Let me give you some background:
I graduated high school in 2007. I graduated with my AA in developmental psychology in 2009. I will graduate with my BA in Elementary Education with my endorsement in Special Education in 2012.
School is the only thing I have known since I was 5 years old.
Add this to the fact that I was born an anxious soul that is hypersensitive and easily overwhelmed. School is the only place that mellows me out. School is the only place that has consistently made sense to me.
Lately, I've been feeling like I'm not taken seriously. Like my ideas hold no merit because I'm young and unexperienced.
I learned how to be funny to fit in to a world that constantly upsets me.

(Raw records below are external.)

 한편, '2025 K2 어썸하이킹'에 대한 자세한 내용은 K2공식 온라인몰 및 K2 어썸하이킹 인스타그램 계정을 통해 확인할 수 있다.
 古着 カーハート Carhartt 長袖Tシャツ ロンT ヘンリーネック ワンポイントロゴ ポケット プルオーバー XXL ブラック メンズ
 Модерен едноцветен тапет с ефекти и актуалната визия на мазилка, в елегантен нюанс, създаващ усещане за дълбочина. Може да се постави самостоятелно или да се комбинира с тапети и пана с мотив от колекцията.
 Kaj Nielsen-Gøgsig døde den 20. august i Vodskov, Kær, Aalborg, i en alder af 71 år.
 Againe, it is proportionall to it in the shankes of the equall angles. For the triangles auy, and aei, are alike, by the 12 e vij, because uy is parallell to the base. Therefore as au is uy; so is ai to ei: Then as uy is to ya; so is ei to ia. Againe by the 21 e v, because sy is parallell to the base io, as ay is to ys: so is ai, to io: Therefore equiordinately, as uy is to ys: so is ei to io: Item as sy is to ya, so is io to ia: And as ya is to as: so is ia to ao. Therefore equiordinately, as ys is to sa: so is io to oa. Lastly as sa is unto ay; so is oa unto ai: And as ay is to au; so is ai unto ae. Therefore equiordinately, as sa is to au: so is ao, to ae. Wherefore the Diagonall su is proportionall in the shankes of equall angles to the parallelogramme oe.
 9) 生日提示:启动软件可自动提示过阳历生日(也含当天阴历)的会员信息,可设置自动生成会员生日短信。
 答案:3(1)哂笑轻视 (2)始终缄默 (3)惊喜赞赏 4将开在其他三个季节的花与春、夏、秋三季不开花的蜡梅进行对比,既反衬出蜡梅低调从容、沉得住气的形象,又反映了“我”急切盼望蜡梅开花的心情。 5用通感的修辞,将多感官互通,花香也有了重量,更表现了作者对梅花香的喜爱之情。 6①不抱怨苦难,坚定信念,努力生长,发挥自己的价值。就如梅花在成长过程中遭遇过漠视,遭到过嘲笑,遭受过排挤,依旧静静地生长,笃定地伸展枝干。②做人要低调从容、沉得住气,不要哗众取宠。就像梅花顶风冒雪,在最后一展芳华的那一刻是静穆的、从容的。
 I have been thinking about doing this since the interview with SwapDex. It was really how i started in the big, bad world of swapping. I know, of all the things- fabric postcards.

I learned to make people laugh to hide the fact that inside, I am usually on edge.
It breaks my heart that for some reason, my classmates have been misintrepreting this for not being serious or ready to take on teaching.
It upsets me to no end that they feel it's okay to constantly poke fun at the fact that I'm the youngest, that I'm the most anxious, that I'm not like them.

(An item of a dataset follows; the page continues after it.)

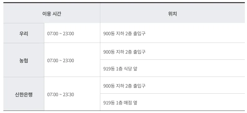기숙사에는 다음과 같이 ATM이 설치되어 있으며, 이외 교내 ATM기 위치는 서울대학교 캠퍼스 맵 어플리케이션에서 확인이 가능하다.

I hate the fact that this environment that has been set up to be the most supportive and encouraging environment has now been turned to a place where I feel like I am constantly having to prove myself.
If I would have known that it's more socially acceptable and respected to be 40, taking life to serious and not just now starting my BA, I would have waited.
I thought I was doing the right thing, the only thing I've ever known how to do.